Ниночка выглядела по современным молодёжным меркам не шикарно, но вполне респектабельно, тем более что фигурка у неё была скульптурная, точёная, удачно декорированная природными достоинствами и цветущей свежей весенней молодостью, добавляющей облику очарования соблазнительно-чувственной, штучной женственности.

Броский наряд, правда, был приобретён не в престижном бутике, как и косметика, причёску и маникюр делала подружка, но разглядеть фальшивые признаки принадлежности к преуспевающему классу, не зная истинного происхождения этих символов, могли разве что знатоки.

Работала девушка офисным менеджером в заштатной торговой кампании, где никто не мог укорениться по непонятным причинам.

Выпускники колледжей приходили, соглашались на конкурсные условия, месяца два без выходных корпели в тесных кабинетах, после чего увольнялись, так и не завершив победно испытательный срок: без утешительного приза, даже без выходного пособия.

Ниночка не была исключением.

До заветного зачисления в штат оставались считанные дни, но претендентов на “волшебную вакансию” было больше, чем мух на приклеенных к потолку липучках.

Основным соперником в этой гонке был Марат Батурин, имеющий талант любые обстоятельства оборачивать себе на пользу, мимоходом обнуляя заслуги более трудолюбивых и способных конкурентов.

Марат удивительно удачно оказывался в нужное время в нужном месте. Более того, ему благоволила находящаяся в процессе перманентного романтического поиска руководительница отдела, Валентина Петровна – гремучая смесь выдающихся профессиональных качеств разведчика, надзирателя и капризной стервы.
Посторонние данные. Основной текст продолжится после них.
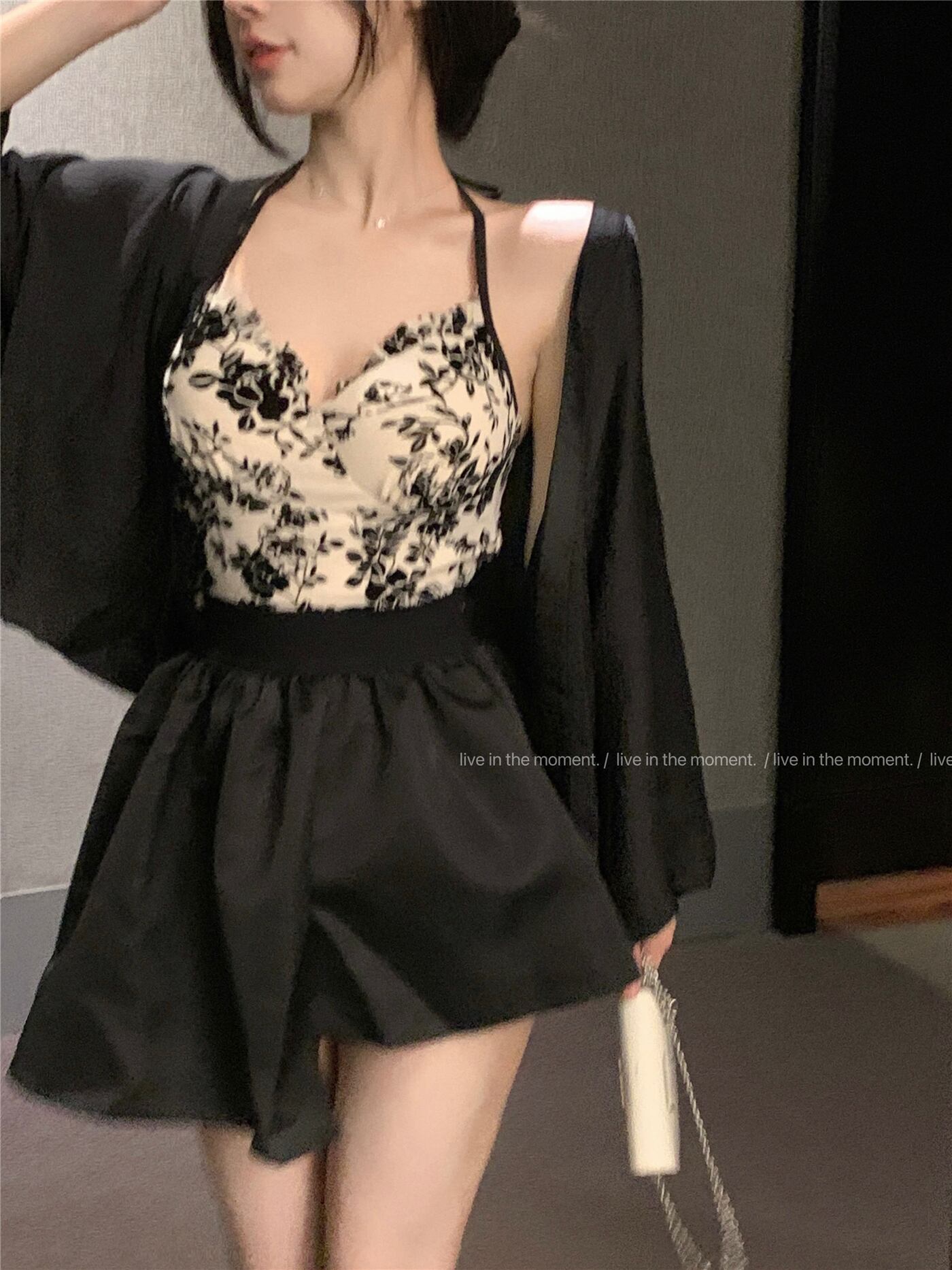 色:フローラルストラップ,日焼け防止カーディガン,黒スカート
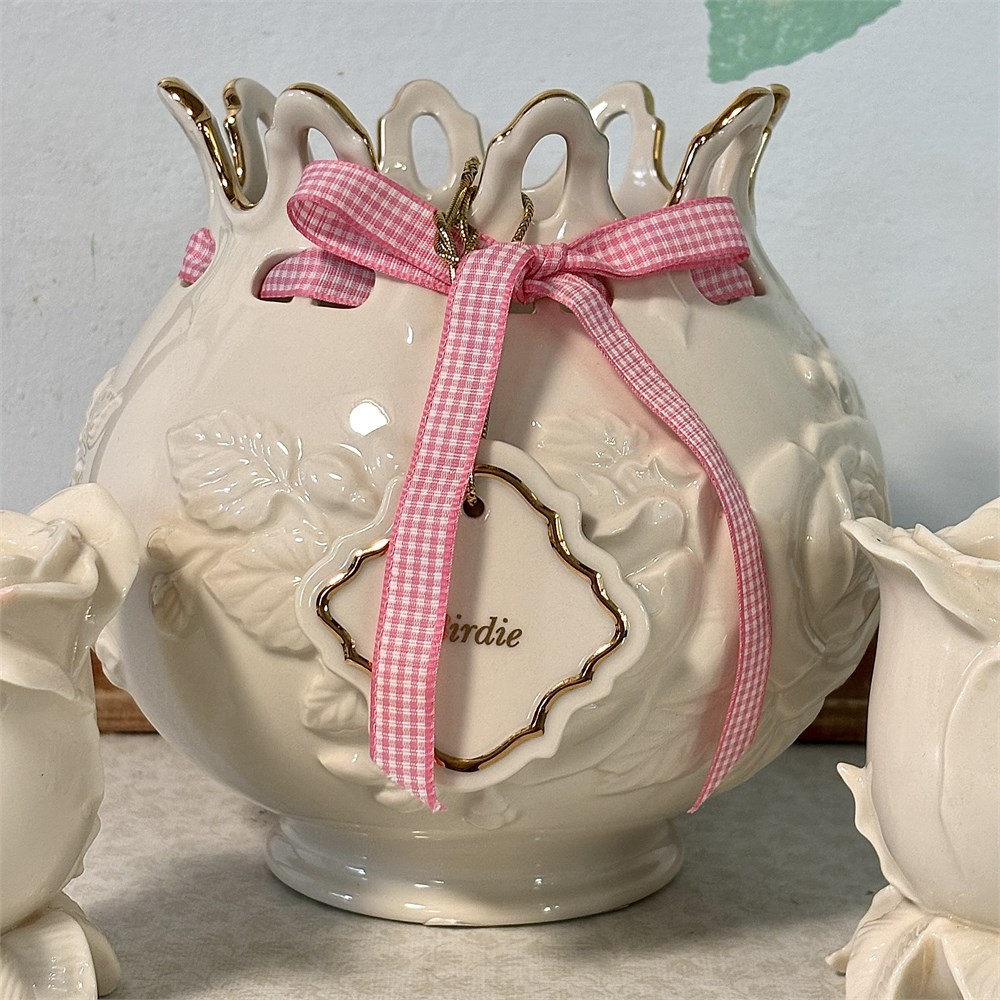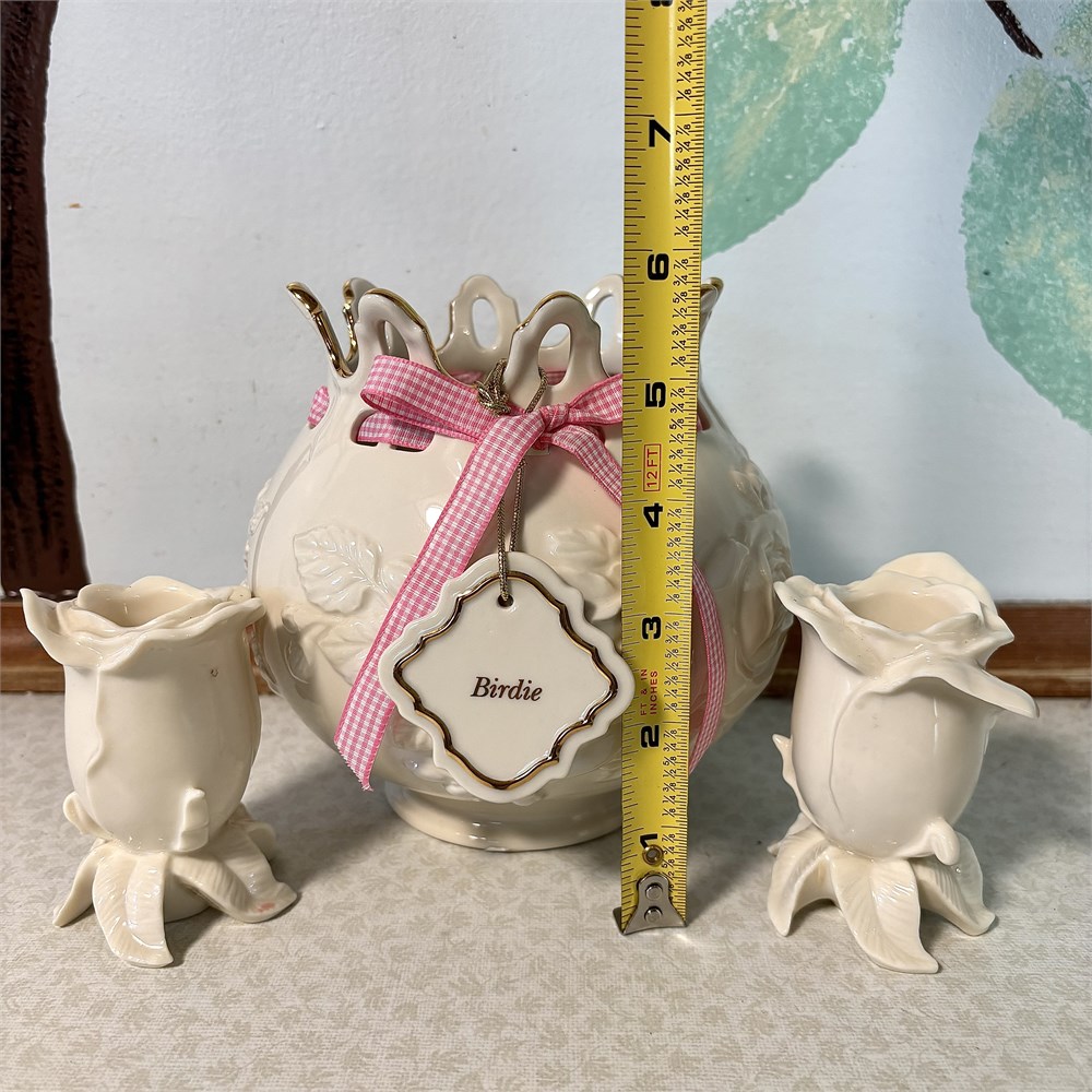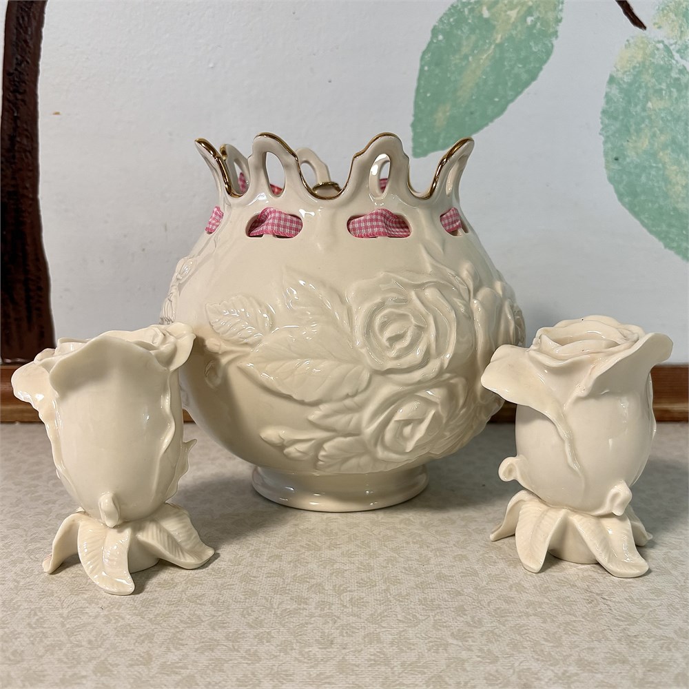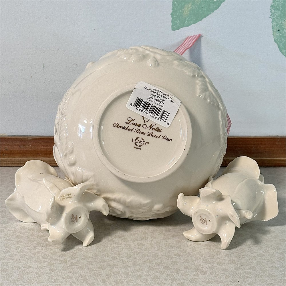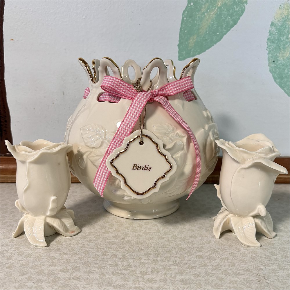 Lenox Cherished Rose Bowl Vase and Candleholders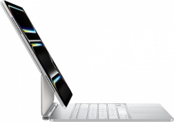 De elegante Magic Keyboard voor de iPad Pro 13" (M4) combineert een toetsenbord en een vloeiende haptische trackpad in een dun, draagbaar design met een aluminium handpalmsteun. Biedt een rij van 14 functietoetsen voor snelle bediening van helderheid en volume, USB‑C voor opladen en een verstelbare standaard voor de ideale kijkhoek. De duurzame constructie beschermt de iPad aan beide zijden bij dagelijks meenemen.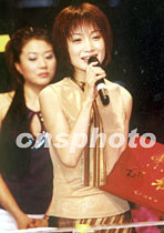 中國蒙古族女歌手斯琴格日樂,日前在《中國流行歌曲榜》年度頒獎晚會上獲得最佳新人獎。圖為她在領獎臺上向歌迷致意。中新社記者 錢興強 攝
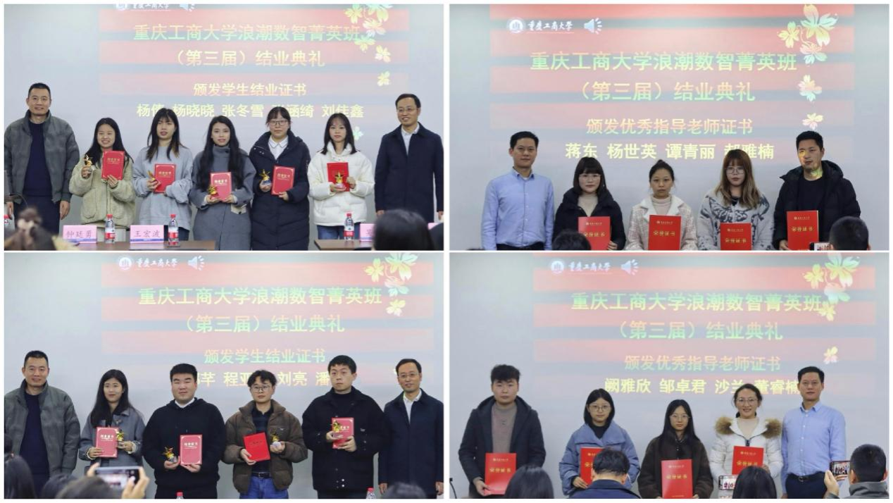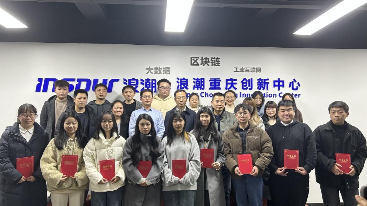 浪潮数智菁英班的员工经过层层选拔,在实践中不断挑战、努力学习,深化理论与实践的结人,专业能力与职业素养不断提升。浪潮数字企业重庆区总经理王宏波、副总经理吴严为员工颁发了结业证书和奖杯。

Ниночке категорически не везло по жизни, начиная с родителей-неудачников, заканчивая друзьями-предателями и коварно изменяющими кавалерами, не говоря уже о хроническом, инфекционном каком-то, мистическом проклятии в поисках нормального рабочего места с приличным заработком.

Только что девушка рассталась с Генкой, который романтическими уловками и циничной хитростью добился, паразит, той степени взаимности, после которой не остаётся тайн, но появляются проблемы.

Обманул!

Ниночка поверила в его искренность, даже не предохранялась, а он…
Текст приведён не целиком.